Date Joined Jul 2006
Total Posts : 1249
   Posted 7/30/2008 10:13 AM (GMT -7)   

Lilee, I know you are  trying to be supportive and help your boyfriend through this difficult time. I think it is good you got him to a therapist and on meds.  I want to give you some advice that you are probably not going to like but it is true.  Are you planning marriage to him?  You say you are going back to school and have student loans and you may have to support him financially.  Are you going to take out more student loans for this?  If you have student loans you can never stop paying them and if you don't pay your monthly payments the loan may get an increased interest rate.  If you don't pay you will be in default.  If you have private student loans they can charge you 15 - 16% interest rate.  If you ever declare bankruptcy you may not do so on a student loan.  It is something you have to pay always. I don't think it is a good idea for you to move in with your boyfriend at this time.  You need to take care of yourself and get yourself through school.  If things don't work out with him are you going to put yourself in debt for the rest of your life?  I know this sounds very harsh but times are very tough right now with the economy and if you are not going to marry this man and spend the rest of your life with him you have to be a little selfish right now.  Maybe it is time for him to contact his family and see if they can give him some emotional support.  If they understand his diagnosis maybe they will be more willing to help him through this difficult time.  If you get into debt it will affect your credit score and if that happens you may not even be able to rent an apartment.  I hope you will consider what I have told you and think all of this through very carefully.  Sorry to be so hard on you - I don't want you to be put in a bad position.  It might be time for you to contact your family and get their advice. They may be able to help you think this through more carefully.  I'm sure your family will want what is best for you.  I know you may not agree with me but I don't want to see you suffer.  Take good care and post on what you are doing.

Aurora


lilee1
New Member


Date Joined Jul 2008
Total Posts : 4
   Posted 8/5/2008 10:54 PM (GMT -7)   
Hi Aurora,
 
Thanks for your advice.

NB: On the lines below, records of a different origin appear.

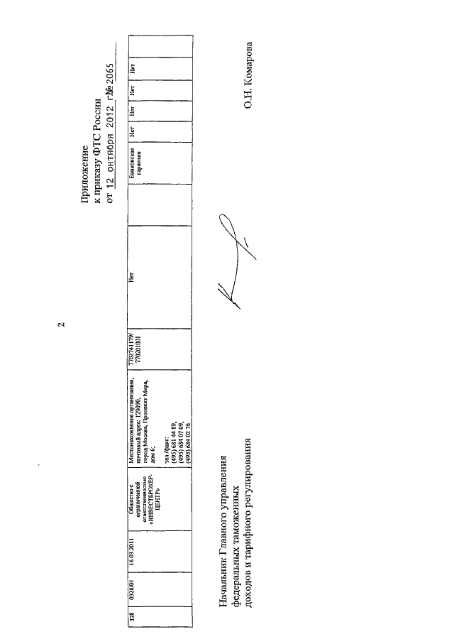 ПРИКАЗ ФТС РФ от 12.10.2012 N 2065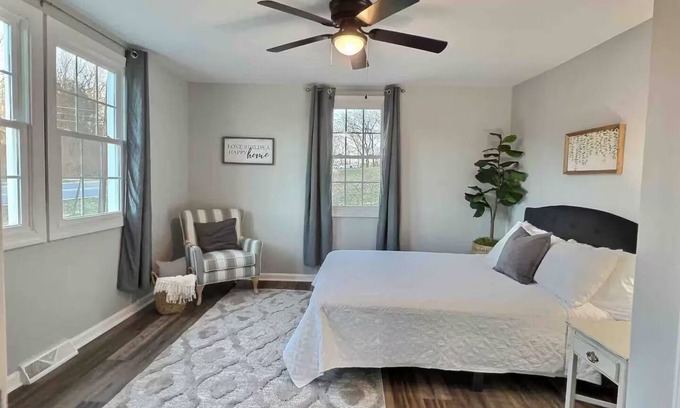 Welcome to our humble abode! Escape to this delightful cottage in picturesque Martinsville. This charming property features 2 cozy bedrooms with a queen bed and a full bed, perfect for a small group of guests. Enjoy the convenience of amenities like AC, heating, on-site laundry, and WiFi. The bathroom offers a refreshing shower for guests to relax after a day of exploring. Experience what Martinsville has to offer with a stay at our quaint house. This property is minutes away from shopping, restaurants, the Martinsville Speedway, Smith River Sports Complex, hiking trails, and so much more!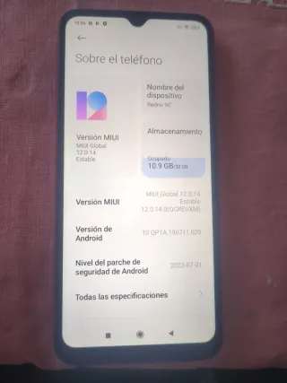 Teléfono móvil Xiaomi Redmi 9C con 32GB de almacenamiento. - Modelo: Redmi 9C - Capacidad: 32 GB - Versión MIUI: Global 12.0.14 Estable - Versión de Android: 10 QP1A.190711.020 - Nivel del parche de seguridad de Android: 2022-07-01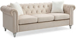 Faux Jeweled Tufted Design: The Raisa Living Room sofa is adorned with a faux jeweled tufted design on its micro suede velvet cover.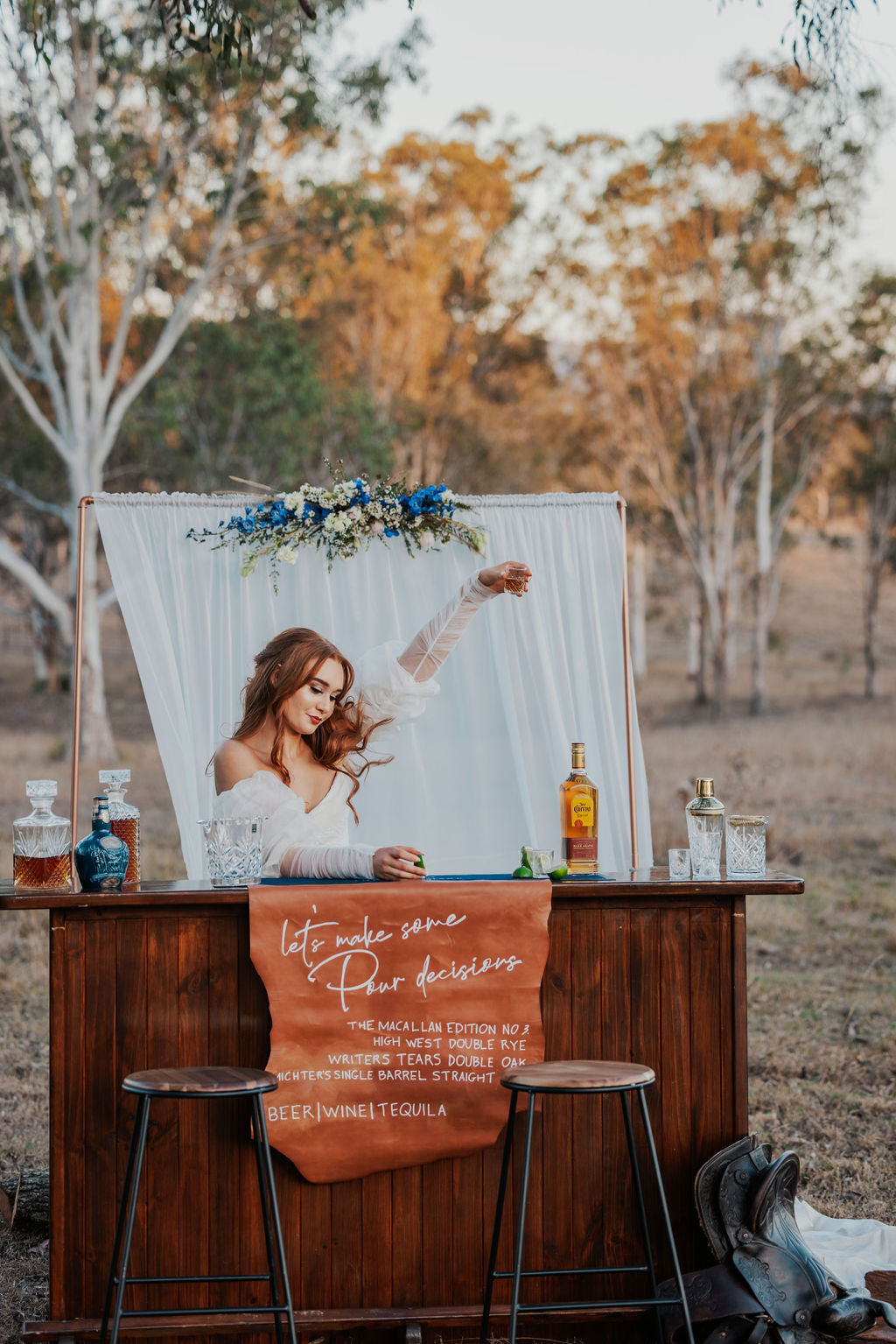 Gympie wedding venue rustic mobile bar with bride celebrating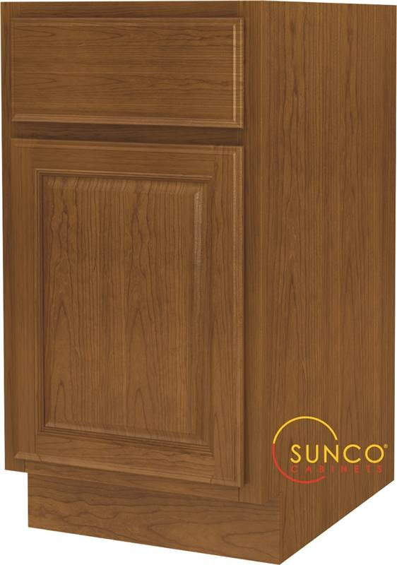 Cam-Lock joinery system for easy assembly. All wood box construction with real wood veneer finish on all plywood box. Fully enclosed interior compartment with full 1/2" framed back panel. Natural interior cabinet finish, raised panel door, 1/2" traditional overlay, Amber door finish. 1/2" plywood drawer box. 34-1/2"h x 24"d.
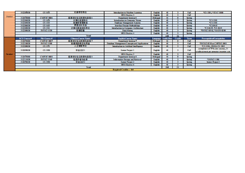 Computer Science Sample Curriculum Schedule-Class 2022SCUCaune日Pit CaunseCredit10421030更法泼8a00910Fdxation-1F:ll913003010大学生业Mentd Health Education3106010CMANF 0001新生形金策如3121600C0I52共文习■31213010EGCVP01a-I班口与乐终1Eng bh Spea里nd Liotaing-l中1631090010ECP0I52A■写作中】1631200500AH0230匠刀日与洁服分■643120000PHYS014物工Pmix Sr Scinceand Engncering IhFEp型31217100CMANF 0010计机心技论6431217004H090中■h441000030中代要3p型900001010]论Mitry Theory1690000030Mitary TranngChinge1200TA00102Hyxical Fdxation-232P中华文化(历史篇/文学首四学制艺木淘ChincseCdureChince401801F3100010CMANF 0002新生时金金美2Frexhmnen Semine 2Biingsd16p里CMPINF 0001312163010NG0Ia0-2■源口语乐力塔2■hca型dt-2163120000AH020折刀石德限升2Andytic (comnctry and Caleu 2Endih644FallsornAH02031300040]PHYS0175物理2工h*Y30143121030s0445数椅Data StructurexhFalllspengCBO CMPINF040131210005TA1000州万■Arcd Sttotcal Mctob■h4Sp里Tatil54SCUComnePit CaurseCHtoe Catne NaneEaghk Coune Nane1m里e0 dit Han CrediPrereaxidteCarequiles10443生率3■The Roic Princplo of MarcomChinge3F80010信3Hyxical Fdxation-332F313020000]CMANF 0003系开策3】Deprtmert Scminae 31631209030LP020阳作3ENGOMP 01523120200AH020折刀狂造极升3Andytic Gcomctry and Caledu 3h4FE里AH230300a030好线性代数论灯ltricexand Lincar由ehf里AH23033U■荷■Docrete Structurex SorMATH U2203121000304H7■干细双与阳Com红O为nictimn ind fosanby里eh■量家B0s045■31219030INFSC 0310信计h*ATH023.CH500]312130STAT 1I餐论ta士n to IobbdityhAH230HSS Flective Ih31042030毛泽车思想形中围特色牡金主义理论体系概论Theory ofSocilom withChingae ChracteriticChinee3p吧104400习近平新时代中国特色社绘主义思想概论An Intoducton u Xi Enpinds Thought on SociliomnChineep电米00010信■Fdxatin-4323107100mCMANF 0004系卧金恐出4Departmert Seminar4SpE里2040A0PHYS0219工物实验32*Y30I43sU9■■贸t士m回3《m3ahhap型ss】3121a030]s10舞大现h3Fall/pringCS0441C04453121030STAT 1152数饮计学导论Itroduaction u Mthemtical StatiticxA115131293]Fsa0510]■数提分折h■3p型hTati91253Pit CauneCltne Coune NaneCreditTera312073000CMHNF 0005爱系时金聚野马年56312I030s12计机的英化流Forml Methods in Co里asx■gh3C30413045312200030]3150作论ntroducton uOperatng Sy cmm3304Z304H9312201030I1I01优化计导论h*MLATH023 *MATH0290312203030]数件工程C30445

It feels really nice to have someone looking out for you. I am so grateful. My boyfriend has been on his medication for just over a week now. I'm not sure if it works that quickly, but he seems to be a bit better. Maybe his week off from work is the major cause. Anyhow, I brought up my worries about moving in with him (both financial and emotional). He assured me that he wouldn't leave his job without finding another one first, and so far he's doing everything he can regarding treatment. I hope I'm not being naive, but I decided to go ahead with the move-in. If things get very bad, I will step back, but for now I have a lot of hope and want a future with him. Nevertheless, I'll be very careful to take some of your advice and try not to sacrifice myself too much in the process either.

ShynSassy
Veteran Member


Date Joined Dec 2005
Total Posts : 3036
   Posted 8/6/2008 4:48 AM (GMT -7)   
Hi Lilee

I just wanted to chime in here and tell you that most meds will take 4-6 weeks to take full effect.

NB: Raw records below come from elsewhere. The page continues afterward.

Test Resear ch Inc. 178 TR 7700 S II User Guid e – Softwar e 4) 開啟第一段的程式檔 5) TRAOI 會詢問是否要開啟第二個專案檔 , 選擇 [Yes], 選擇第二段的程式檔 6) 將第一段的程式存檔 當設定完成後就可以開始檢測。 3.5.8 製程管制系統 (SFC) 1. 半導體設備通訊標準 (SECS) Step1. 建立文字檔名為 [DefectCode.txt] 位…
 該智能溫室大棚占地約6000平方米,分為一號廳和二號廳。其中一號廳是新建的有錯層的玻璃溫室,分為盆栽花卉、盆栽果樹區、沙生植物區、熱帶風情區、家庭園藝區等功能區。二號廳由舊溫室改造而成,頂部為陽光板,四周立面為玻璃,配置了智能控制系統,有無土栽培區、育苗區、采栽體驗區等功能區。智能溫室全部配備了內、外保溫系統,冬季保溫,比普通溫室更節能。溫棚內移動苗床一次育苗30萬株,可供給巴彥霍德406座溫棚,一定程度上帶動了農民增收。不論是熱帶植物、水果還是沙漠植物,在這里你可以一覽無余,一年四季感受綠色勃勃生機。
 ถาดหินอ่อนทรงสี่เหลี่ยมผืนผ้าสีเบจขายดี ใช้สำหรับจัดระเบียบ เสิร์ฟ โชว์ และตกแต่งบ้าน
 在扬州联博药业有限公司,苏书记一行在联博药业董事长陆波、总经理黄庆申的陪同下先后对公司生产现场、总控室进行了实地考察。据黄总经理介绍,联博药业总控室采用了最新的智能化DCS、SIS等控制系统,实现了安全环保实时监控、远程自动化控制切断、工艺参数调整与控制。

So, hopefully after that time he will feel alot better.
I know that he hates feeling this way,it is not something that we want to wake up too each morning.
And it is not fair to you that he snaps at you ect ect...but, he can't show his feelings to anyone else,and therefore he trusts you to being able to show them.

Hang in there, better days are to come!
Shy


Mod- Depression

Chronic Depression, Panic Attacks,Anxiety Attacks,Anorexia

Please remember,I am not a professional..I am just a person who is also fighting depression.


I know I'm in my own little world, but it's ok. They know me here.